Comprehensive Guide to LCEVC (MPEG-5 Part 2) - Low Complexity Enhancement Video Coding


The LCEVC Codec (MPEG-5 Part 2) or “Low Complexity Enhancement Video Coding” is one of the three new codecs being introduced by MPEG (others being Versatile Video Coding (VVC) and Essential Video Coding (EVC)) with the aim of increased compression efficiency for existing codecs at little to no increase in coding complexity by the use of a base bitstream and an enhancement bitstream.

In this excellent presentation at the ITU Workshop on the Future of Media in Geneva, Guido Meardi who is the CEO & Co-Founder of V-Nova gave a detailed introduction to the LCEVC codec. And, he referred to LCEVC (MPEG-5 Part 2) as “a codec to improve other codecs” - which is actually quite true! For those who don’t know, V-Nova has been instrumental in driving the LCEVC standard through their research and work on the Perseus codec.
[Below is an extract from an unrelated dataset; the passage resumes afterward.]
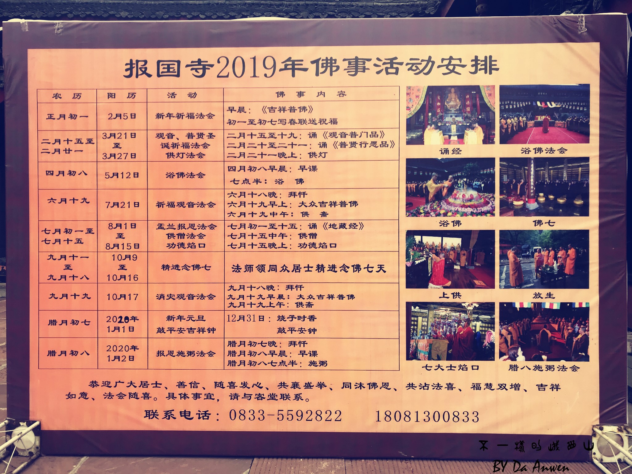 一进去寺庙,就可见一个大展示牌,2019的佛事活动。

More information on that here.

In this article, let’s take a look at

  • the “why” and “what” behind the LCEVC codec standardization
  • how the encoder and decoder work
  • theoritical complexity considerations
  • possible applications of the LCEVC codec

What is the LCEVC Codec (MPEG-5 Part 2)?

The LCEVC codec (Low Complexity Enhancement Video Coding) aims at being “a codec to improve other codecs” at a low complexity overhead. The LCEVC codec’s output is a combination of a “base bitstream” produced by an existing video codec such as AVC, HEVC, VP9, AV1, etc. along with enhancement layers that can be used conditionally to improve the quality of the video.

If the decoder/end-device supports LCEVC, the enhancement layers are decoded, else, the base codec alone is used to decode the bitstream and the video is rendered to the user. This ensures backward-compatibility and encourages roll-out of the LCEVC codec without the fear of breaking the end-user’s experience.

This concept is nicely captured in the figure below (taken from Guido Meardi’s Presentation at Geneva).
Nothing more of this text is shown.